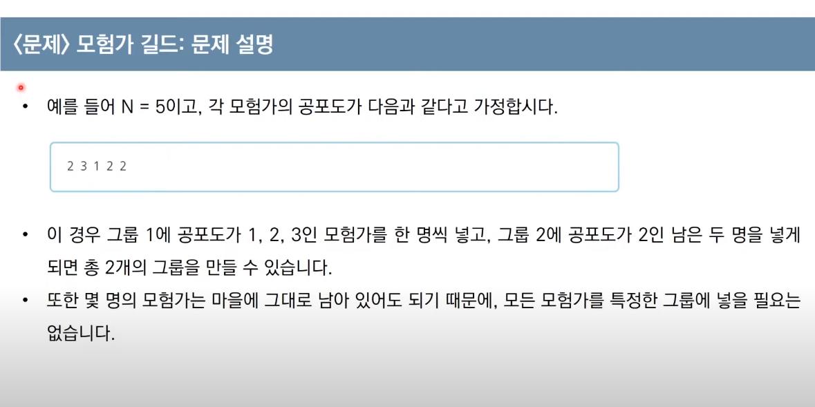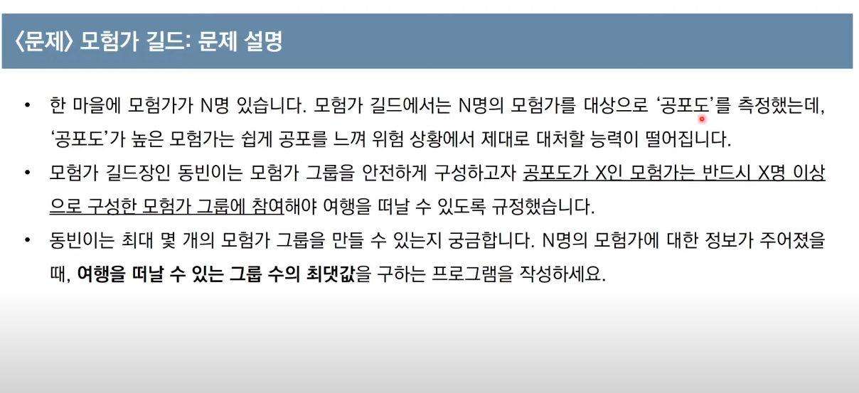 ★★그룹에 포함된 모험가의 수 >= 해당 모험가의 공포도 이면 하나의 그룹으로 만들 수 있다.
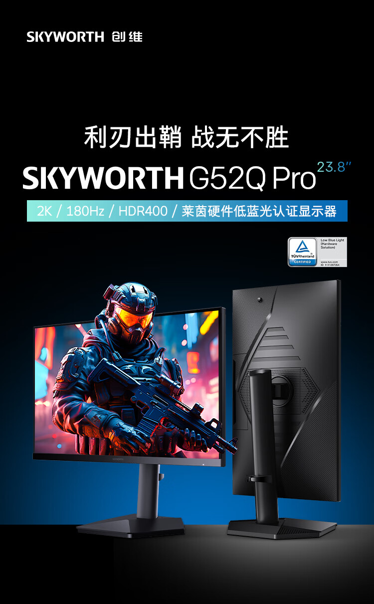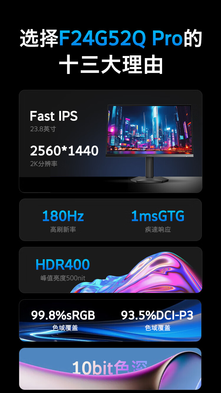 创维23.8英寸2K电竞显示器180Hz FastIPS 1ms HDR400 10bit 光感屏变 拓展接口 旋转升降 F24G52Q Pro
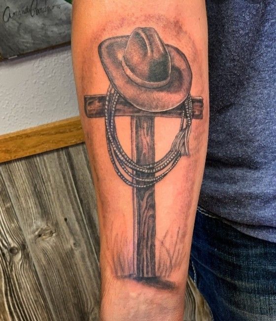 This tattoo carries a quiet, emotional weight. A cowboy hat resting on a wooden cross with rope details feels like a tribute—simple, respectful, and deeply personal. It speaks to legacy, faith, and remembrance, all wrapped in a western symbol that feels grounded and sincere rather than dramatic.
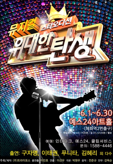 ''위대한 탄생'' 프로그램의 제작진과 출연진이 만드는 뮤지컬 ''위대한 탄생''은 6월1일~30일 대학로 예스24아트홀에서 공연된다.
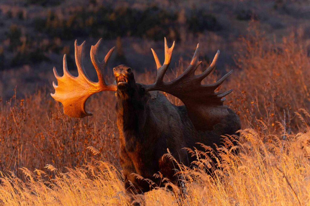 I waited over 2 hours while this alpha bull was laying down with his harem of cows. As the minutes and light ticked away it seemed that the bull would never stand up. Finally one of the cows got up and walked by and this stirred him to stand and pose. There was less than 1 minute left of sunset light when this happened. Powerline Pass, Chugach State Park
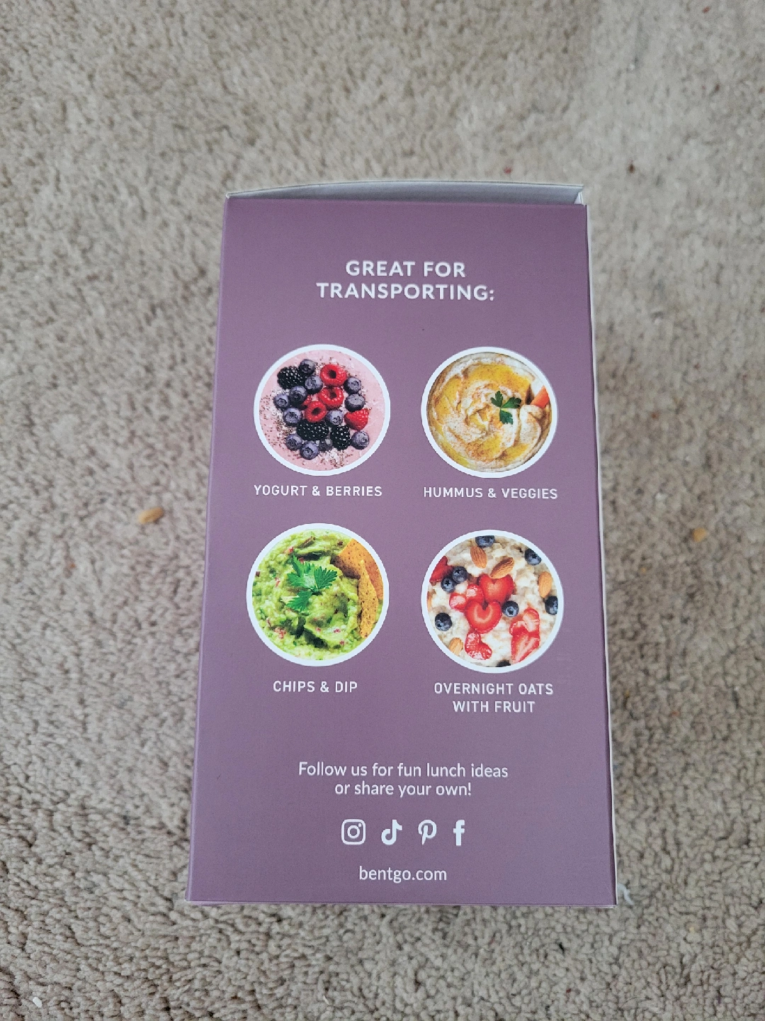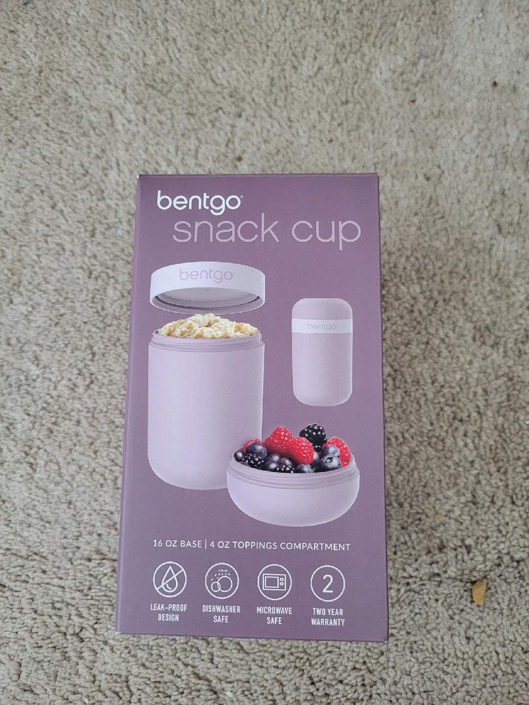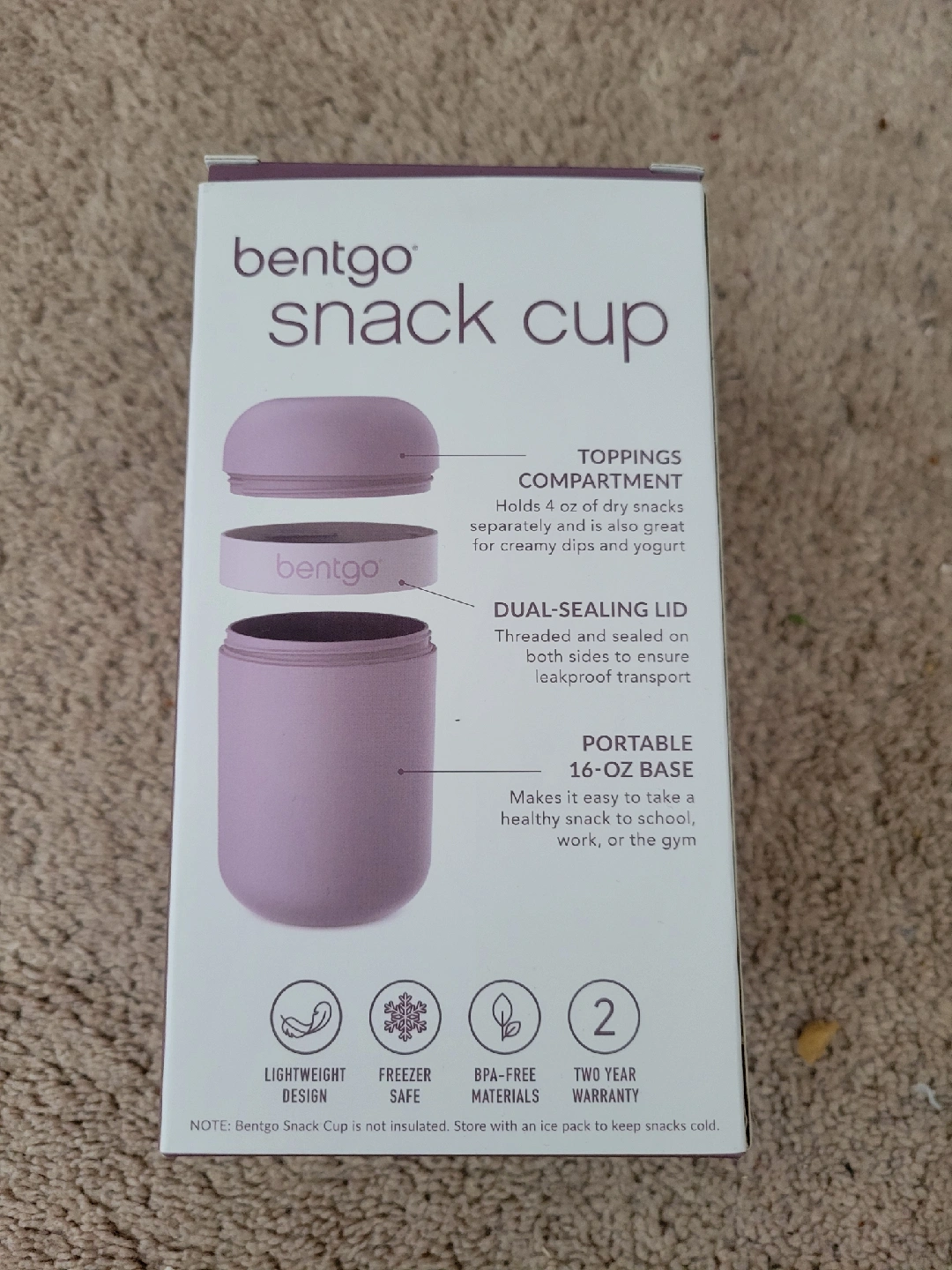 Bentgo snack cup in lilac. It's great for transporting yogurt & berries, hummus & veggies, chips & dip, and overnight oats with fruit.
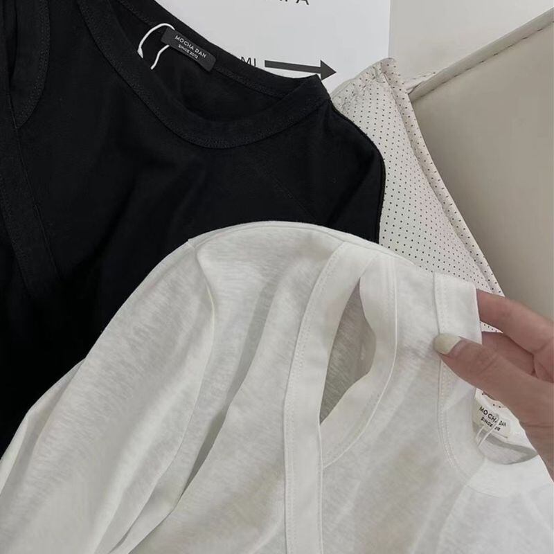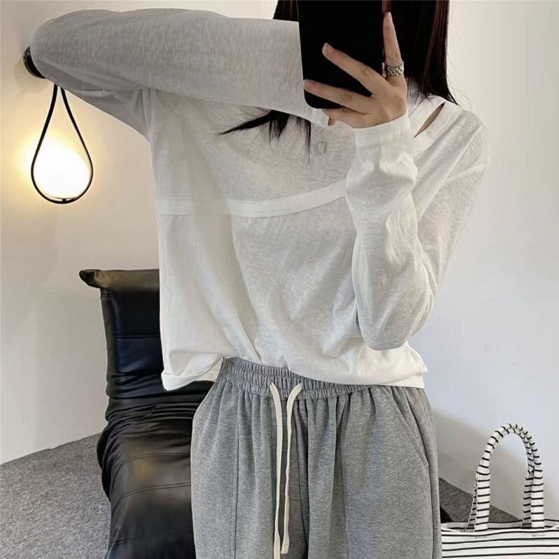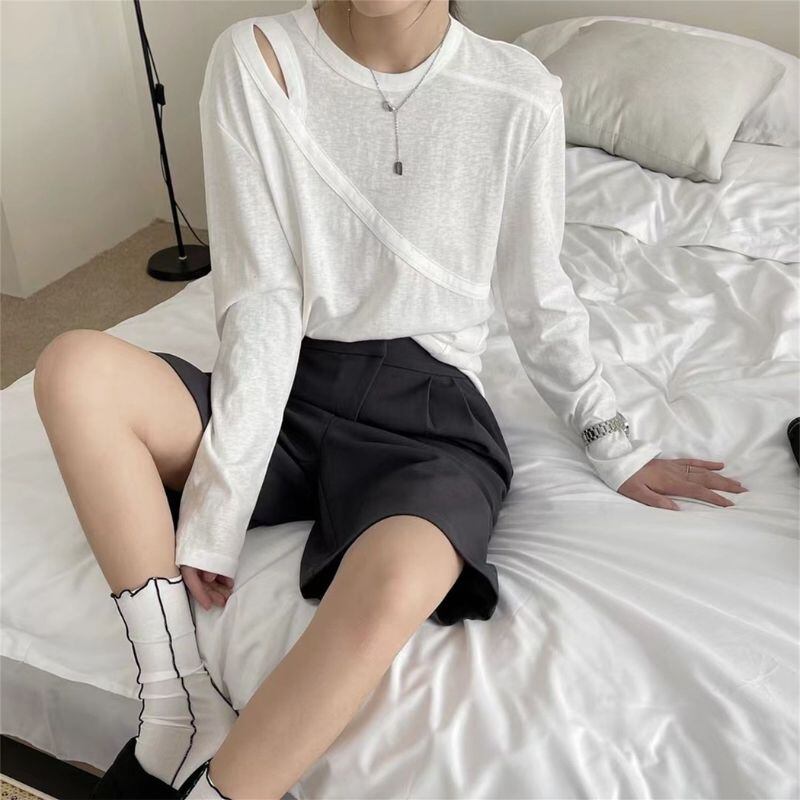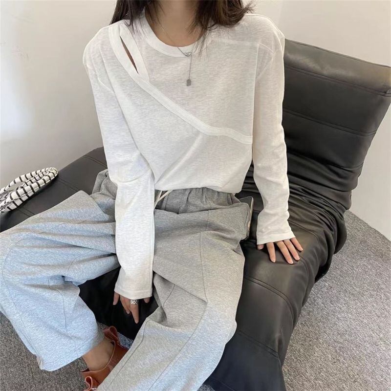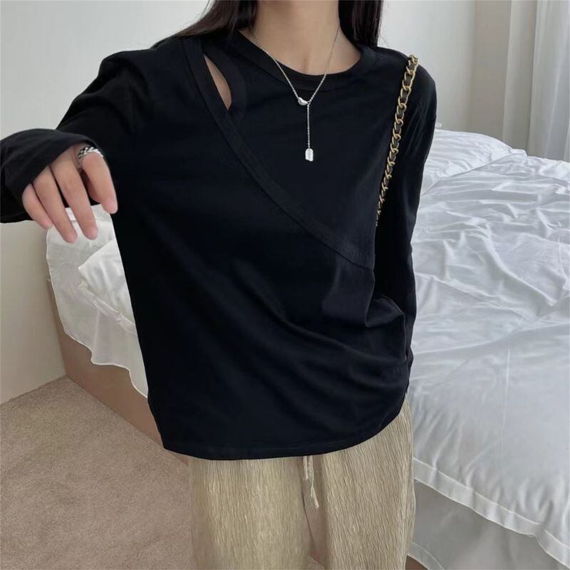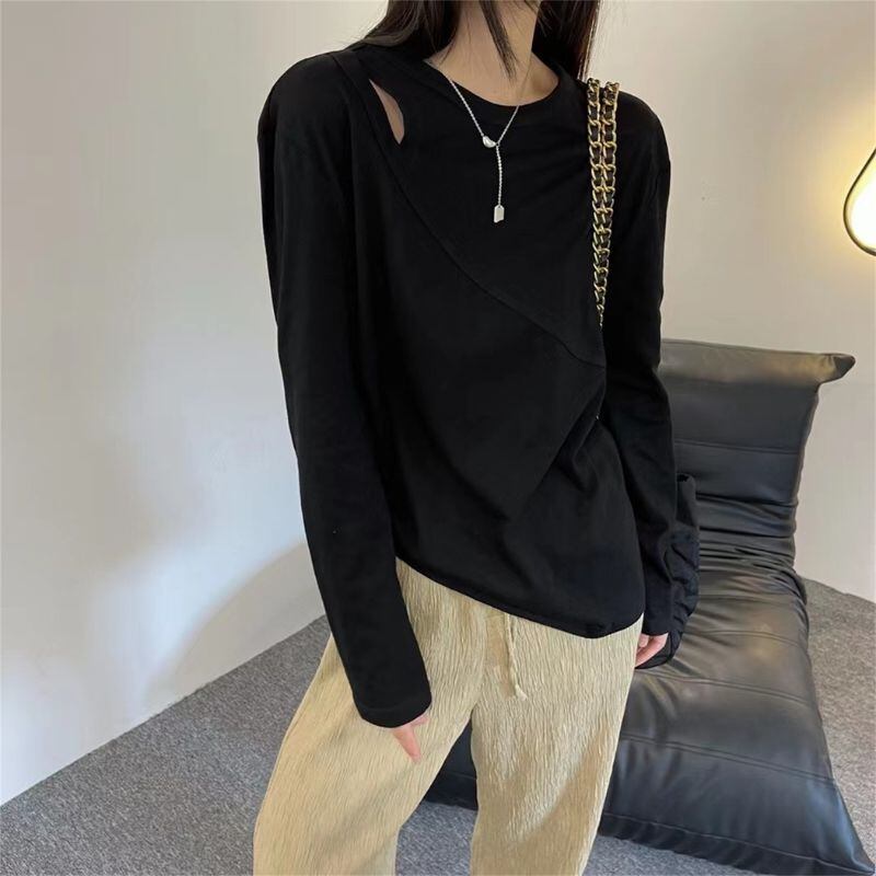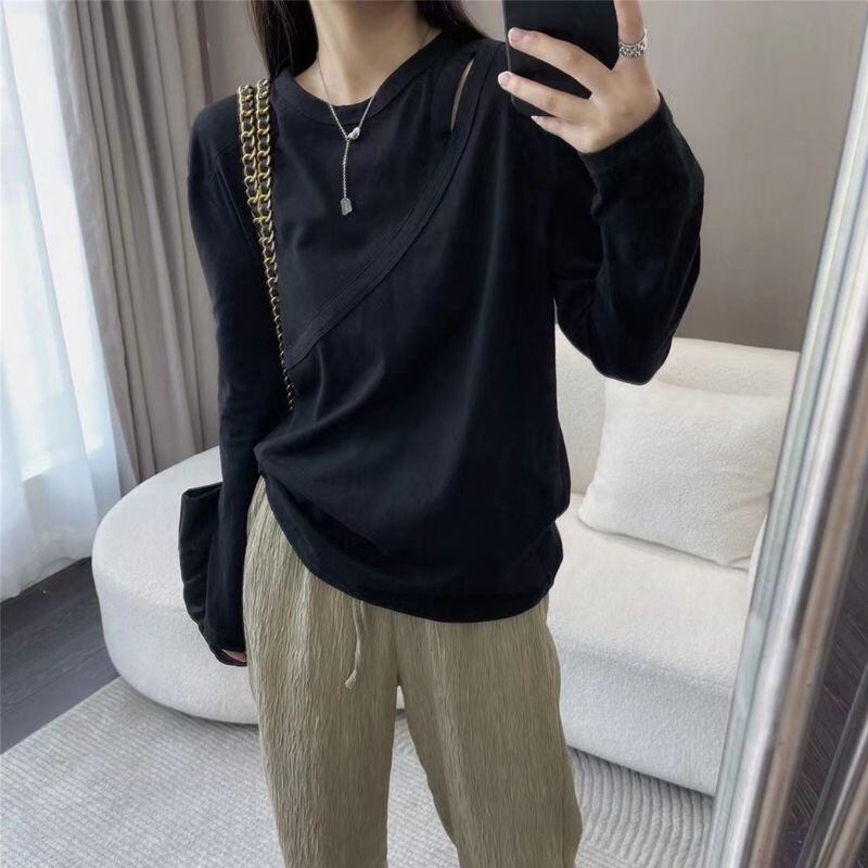 トレンド感あふれるアシンメトリーデザインの長袖トップス。洗練されたシルエットで、個性的かつエレガントな印象の一枚です。
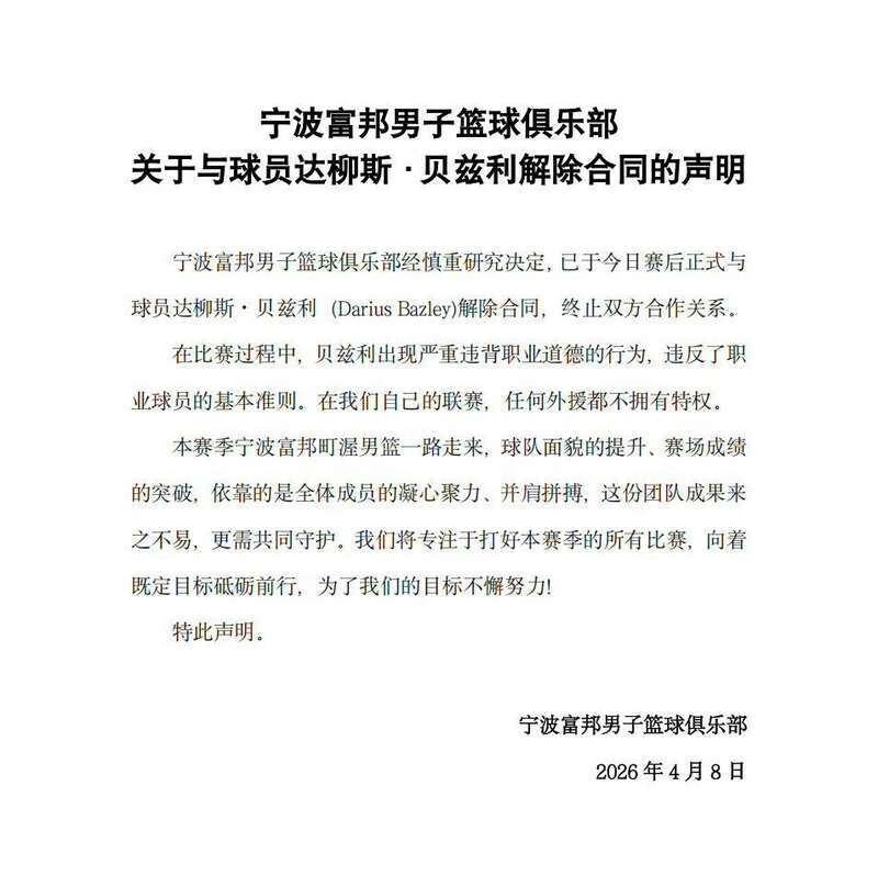 徽声在线讯(记者 陈宇轩)4月8日晚间,CBA赛场突发意外事件,宁波男篮在当晚比赛结束后立即宣布与外援达柳斯·贝兹利终止合作,俱乐部在公告中明确指出该球员存在「严重违反职业体育精神」的行为。
____
Instructions for the task
All lines from the line with "Bentgo snack cup" through the final line of the data, both included, are to be repeated exactly; no other lines and no pictures.

Finished task
 Bentgo snack cup in lilac. It's great for transporting yogurt & berries, hummus & veggies, chips & dip, and overnight oats with fruit.
 トレンド感あふれるアシンメトリーデザインの長袖トップス。洗練されたシルエットで、個性的かつエレガントな印象の一枚です。
 徽声在线讯(记者 陈宇轩)4月8日晚间,CBA赛场突发意外事件,宁波男篮在当晚比赛结束后立即宣布与外援达柳斯·贝兹利终止合作,俱乐部在公告中明确指出该球员存在「严重违反职业体育精神」的行为。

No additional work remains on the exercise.